2020年12月末に配信終了となった『携帯サイト新耳袋』。

11年間に亘り連載していた短編、『かっぱの妖怪べりまっち』は、第563回で終了となりました。

当時の掲載作を週1編ずつこちらのサイトへ転載しています。

 

群れをなして飛ぶ火の玉「そうはちぼん」の話

石川県では、シンバルのような形状の楽器『そうはちぼん』に似た怪火がたびたび目撃されている。UFO説が有力。

 

石川県の羽咋(はくい)に住む友達のマリちゃんを訪ねたときのこと。

かっぱの布団を敷きながら、夜中に空を観てはダメというマリちゃん。なんで?と訊いたら連れて行かれるからと怖い顔をした。

ダメと言われるとどうしても観たくなる。

マリちゃんが寝付いたのを確認して、そっと窓から顔を出す。

しばらくすると、向こうの山から輝く玉がゆらゆらと姿を現した。玉はやがて群れになり、スピードをあげて西の空に消えた。

翌朝、マリちゃんにその話をしたところ、あきれ顔で叱られた。

町の人は昔から空飛ぶ玉のことを『そうはちぼん』と呼んで気味悪がっているそうだ。

「あの玉は眉丈山(びじょうざん)から飛び立つらしいけれど、危ないから絶対に行かないでね」とかっぱに釘を刺してマリちゃんは夕飯のごちそうを買いに出かけた。

そう言われたら行かざるを得ない。

マリちゃんを見送るや否や、眉丈山(びじょうざん)に向かう。

古墳のある普通の山で、どこにも不気味さはない。

もう帰ろうと思い踵を返したところ、足元にお皿が転がってきた。
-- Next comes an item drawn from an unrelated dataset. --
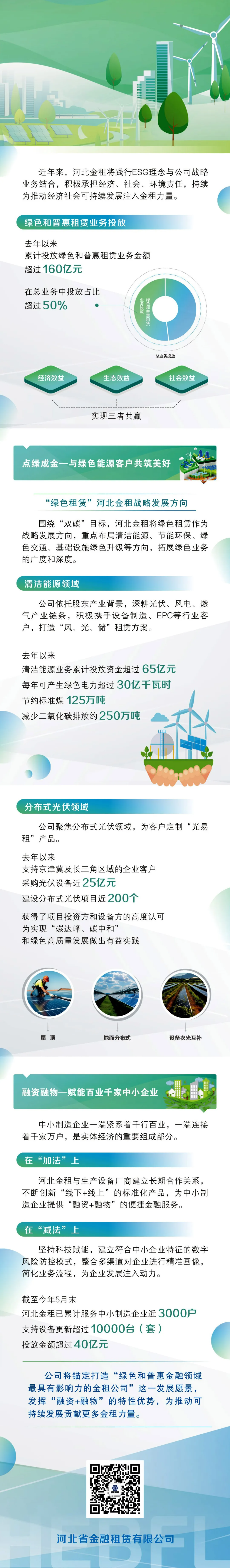 近年來(lái),河北金租將踐行ESG理念與公司戰(zhàn)略業(yè)務(wù)結(jié)合,積極承擔(dān)經(jīng)濟(jì)、社會(huì)、環(huán)境責(zé)任,持續(xù)為推動(dòng)經(jīng)濟(jì)社會(huì)可持續(xù)發(fā)展注入金租力量。去年以來(lái),累計(jì)投放綠色和普惠租賃業(yè)務(wù)金額超過(guò)160億元,在總業(yè)務(wù)中投放占比超過(guò)50%,實(shí)現(xiàn)經(jīng)濟(jì)效益、生態(tài)效益、社會(huì)效益三者共贏。

拾い上げ、いつものクセで何気なく頭に乗せたとたん、ピカリと光ったお皿はかっぱごと空に舞い上がった。

わー!と叫んだところでどうにもならず、お皿とかっぱはグングンと地上から離れ、雲を突き抜けた。どこまで行くのかと足元を見ると、地球が青く輝いている。

このまま宇宙旅行もいいが、マリちゃんが夕飯に特上寿司を用意してるはず。戻るなら早めだ、たすけてー!と大声を出したところ、お皿はふいにかっぱから離れた。

落下するかっぱは雲を破って地上に。

ジャポン!

落ちたのがどこかの湖で本当に良かった。

すぐにマリちゃんに連絡して、秋田あたりの湖にいるから今夜の寿司は食べられないと言ったら「嘘つき!」と電話を切られた。